A Cold War hangover, launch-on-warning was designed to provide additional protection to nuclear forces by ensuring that a retaliatory attack could be initiated before a first strike obliterated its targets. Implementing launch-on-warning required substantial investment into a network of early warning radars and satellites--plus a command and control system that would allow missiles to be on constant "hair-trigger alert." Its cost proved high enough that only two nuclear powers--the United States and Soviet Union--established a launch-on-warning capability. Nearly 15 years after the Soviet Union's collapse, neither the United States nor Russia have abandoned it.

Numerous proposals have tried to address launch-on-warning concerns. Most point to the Black Brant XII incident as evidence that the precipitous decline of the Russian early warning and command and control systems is the main problem. The argument is simple: If the early warning system was unreliable a decade ago when it was in relatively good shape, imagine how bad the situation is today, after years of decline.

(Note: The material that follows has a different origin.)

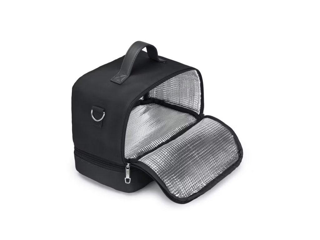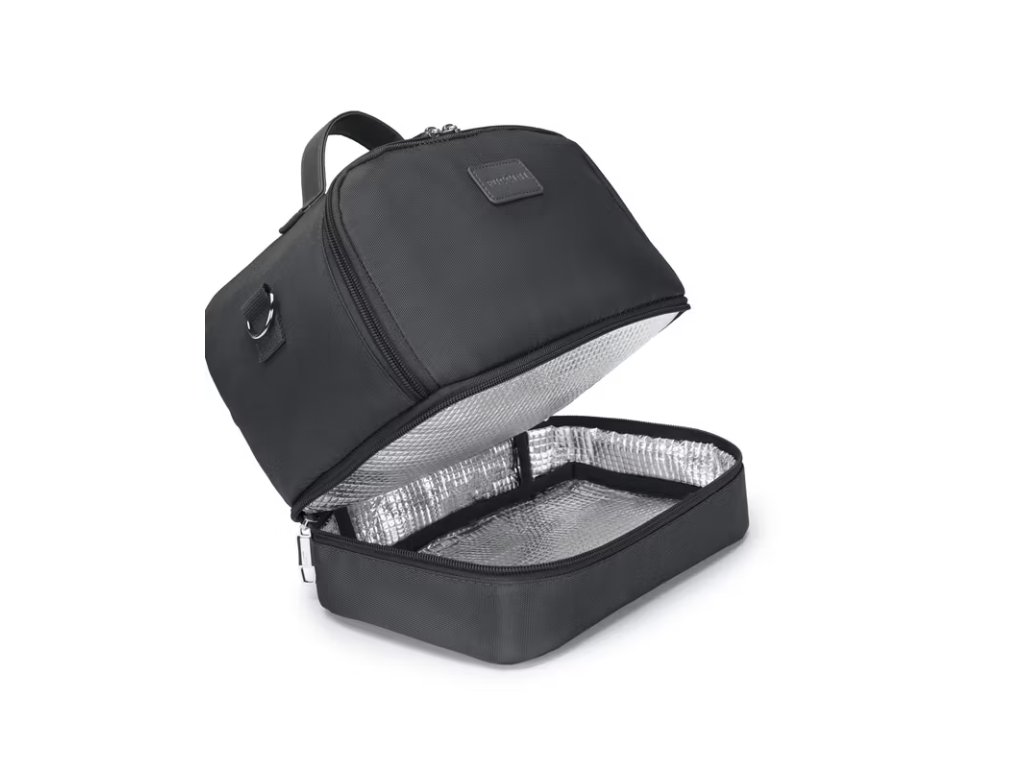 - Dvě přihrádky na zip – snadná organizace: větší na hlavní jídla, menší na svačiny a příbory.

Accordingly, many believe the remedy lies in helping Russia compensate for the disrepair, either by creating arrangements that would allow Russia and the United States to share their early warning data, or by providing direct assistance to Russia that would allow it to upgrade its system. These proposals are misguided. Repairing the Russian early warning system would actually increase the danger of an accidental launch.

The reason for this is that the role of the Russian early warning system today is marginal at best. Even in its prime, the system could not provide the data necessary for a launch-on-warning strike. The radar network has always had serious gaps in coverage and the space-based segment of the system was not designed to detect sea-launched missiles. In addition to this, a series of problems plagued the system during its development and early deployment stages. As a result, the Soviet military learned to regard the alarms it generated with suspicion.

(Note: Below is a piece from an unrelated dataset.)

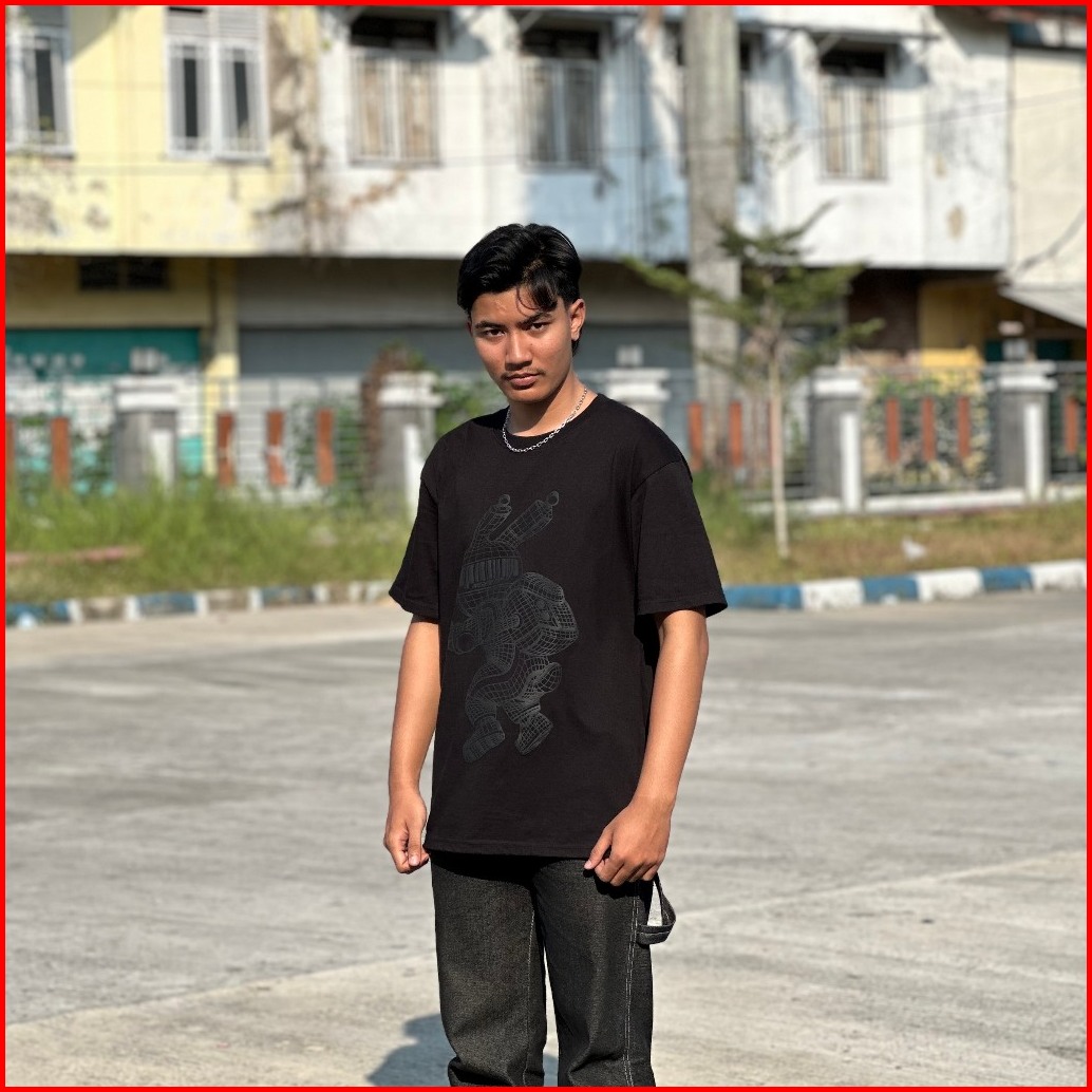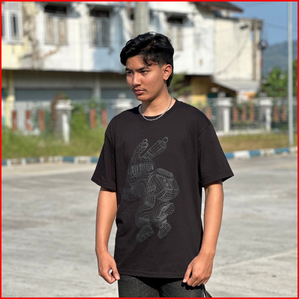 Ngab Kaos Baju Distro Geometric Roborabbit Hitam Nb163 Pria Wanita Cotton Combed 24s

The system's deterioration has only added to doubts about its ability to provide a reliable warning. The breakup of the Soviet Union left most of the radars outside Russian territory. At present, Russia operates only three early warning satellites, while minimally reliable coverage of U.S. territory requires at least five. No second-generation satellites, which would expand coverage to the oceans, are operational today. This leaves Russia with an early warning system it can't really trust.

The lack of trust is exactly the reason why the decline of the system is much less dangerous that it may seem. The continued disrepair erodes confidence in the system's performance further and makes it much less likely that an alarm (whether real or false) would be acted upon. Attempts to repair or upgrade the system, on the other hand, would only increase the danger of miscalculation, since such actions would introduce new elements into an already complex system and boost confidence in its performance.

By the same logic, the United States should not be complacent about its early warning system simply because it is thought to be more robust and reliable than its Russian counterpart. High confidence in the U.S. system could make a technical malfunction--should one ever occur--an extremely dangerous event, since U.S. operators would be unlikely to question the information provided by the system.

The best way to deal with the dangers of accidental launch is to remove missiles from hair-trigger alert, for example by introducing physical barriers that would prevent a launch on warning. Technical solutions that have been suggested include removing warheads from missiles or limiting submarine patrol areas. None of these measures have been implemented, since they involve intrusive and cumbersome verification provisions that neither side is willing to accept. What these proposals don't take into account though is that the main goal of de-alerting--reducing the risk of accidental launch--does not require transparency or verification. If a missile does not have a warhead, it won't be able to leave a silo regardless of whether or not one can verify it. In this respect de-alerting is quite different from disarmament, where verification rightfully belongs.

Moreover, transparency could make de-alerting potentially dangerous. Reducing a missile's readiness for all the world to see could create instability during a crisis. If one country decides to bring its missiles back into operation, its counterpart might feel the need to do the same lest its forces remain unprepared for a launch. This might create a rush to re-alert forces, and the dangers associated with re-alerting could outweigh any de-alerting benefits. Ideally, de-alerting measures should be completely undetectable. This approach would remove missiles from the launch-on-warning equation while minimizing the instabilities associated with re-alerting.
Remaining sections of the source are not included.